The board voted to approve the application of 100 Black Men of the Bay Area Community, a charter school aimed at African American young men that is slated to open in the fall. The board also approved charter renewals from Lionel Wilson College Preparatory and Arise, two five-year old schools that received five-year renewals. Each of those decisions was made unanimously.

The board also voted 5-1 to deny an application from ASCEND, and 4-2 to deny an application from Learning Without Limits, to leave the district to become charter schools.

Mari Rose Taruc, a parent of an ASCEND second grader, told the board that the reason the school is applying to become a charter is because teachers and parents want more control over the curriculum. “This is why we want to take advantage of the education that we have, that we’ve been succeeding with but have been constrained at our school,” she said. “This is why we have some problems between our school and the district.”

Director Noel Gallo (District 5) voted for both schools becoming charters, and director Jumoke Hinton Hodge voted for Learning Without Limits’ application.

But the rest of the board followed the recommendation of Superintendant Tony Smith in denying the applications to become charter schools from Learning Without Limits and Ascend, two of the highest-performing schools in the district.

Smith said that ASCEND represents “the best in the district” and said the district needs more schools like it. Leaving the district at this time, though, he said, would “diminish both our fiscal and academic capacity to serve all children well.” Smith’s recommendation noted that the school is in a building that was completed in 2006, and if the school left the district to become a charter it would cost the district $3 million. “Having quality schools in Oakland is what we’re shooting for,” he said.

Gallo said the cost to the district, or of the new building, shouldn’t be reasons to deny the charter application because “that building is for that neighborhood to serve those kids in that neighborhood, bottom line,” he said. “It belongs to those children.” He also said that if the board does turn down ASCEND’s application, the school could turn and apply to the county and state for charter approval. “And then (we) have lost all control,” he said.
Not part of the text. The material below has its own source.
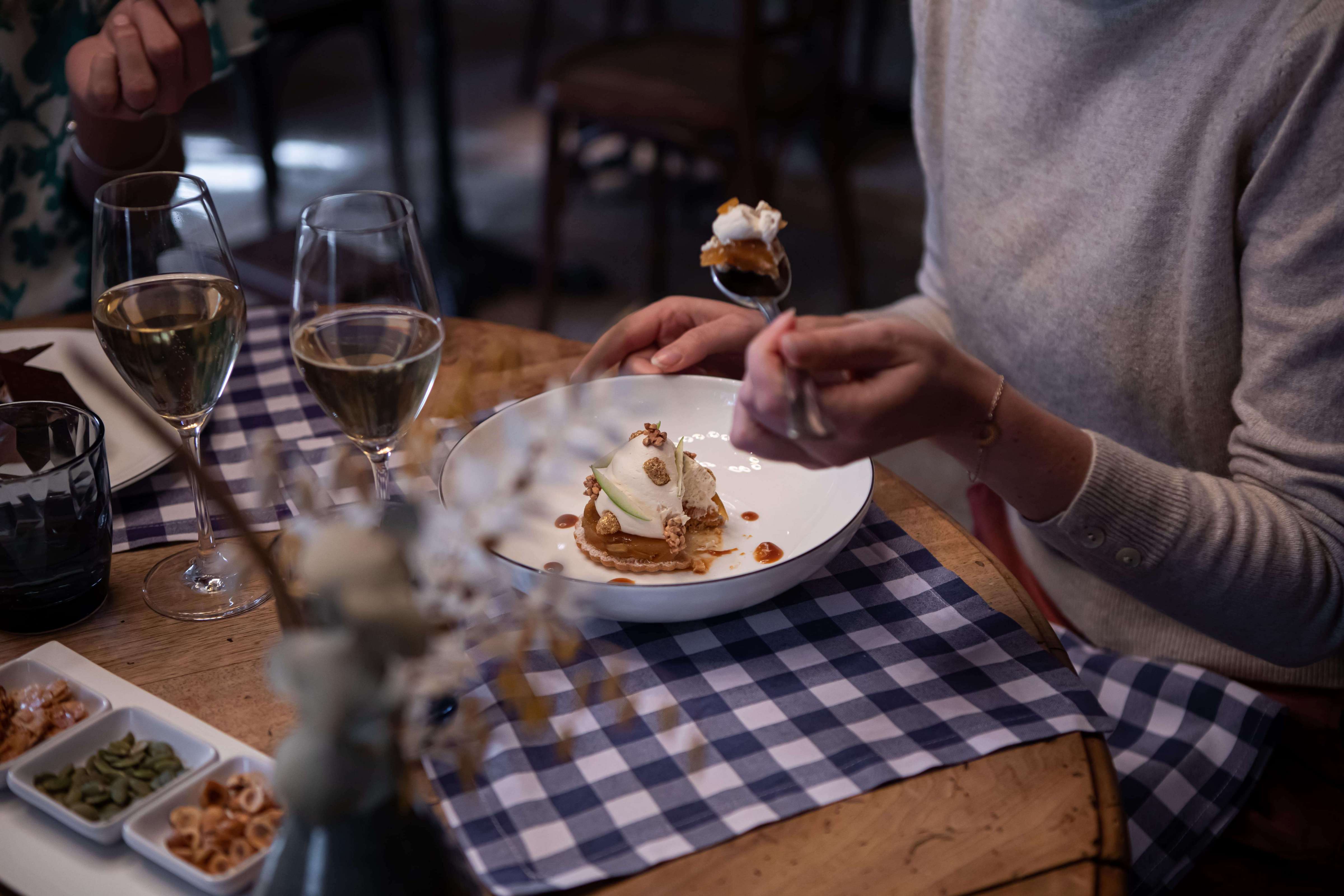 Si les mois d’hiver sont réchauffés par la lumière du feu de cheminée, aux beaux jours les tables sont dressées sur la terrasse du Bistrot, le long de la Bouzaise qui coule dans le parc de l’Hostellerie.

He encouraged the school to “not quit” and not give up its application to become a charter.

Gallo also was on the short side on the debate over the application from Learning Without Limits, an elementary school on 40th Avenue, to convert to a charter school. Smith, who encouraged the board to deny the school’s application, said the school moved into the newest building in the district this year, and that the school leaving the district “would not be in the best interests of OUSD or Oakland’s children” and called it “one of the most needed schools in the district.” The district would also lose $2.6 million in federal funding if Learning Without Limits became a charter.

Board member Jumoki Hinton Hodge delivered an impassioned speech in support of Learning Without Limits, saying the school deserved its independence to design its own curriculum. “I think one of the biggest problems we have in this district is that teachers aren’t allowed to be their most creative selves with our young people,” she said.

While those applications were denied, the board did move to approve 100 Black Men of the Bay Area, which Smith recommended the board approve with a five-year term beginning in July. Smith said the reason this application should be approved because the school is “investing in a population that is not being served, invest in children whose needs haven’t been met.” He called the district’s performance in serving African-American boys “unacceptable” and said “everybody must do something different.”

The application from 100 Black Men of the Bay Area was opposed by the Oakland Education Association, because, OEA president Betty Olson-Jones said, the teacher’s union was being “asked to consider some very critical waivers to our existing collective bargaining agreement, specifically around granting autonomies in staffing and scheduling.” She asked that there be further dialogue among whom the board, the OEA and the school about the details of the school.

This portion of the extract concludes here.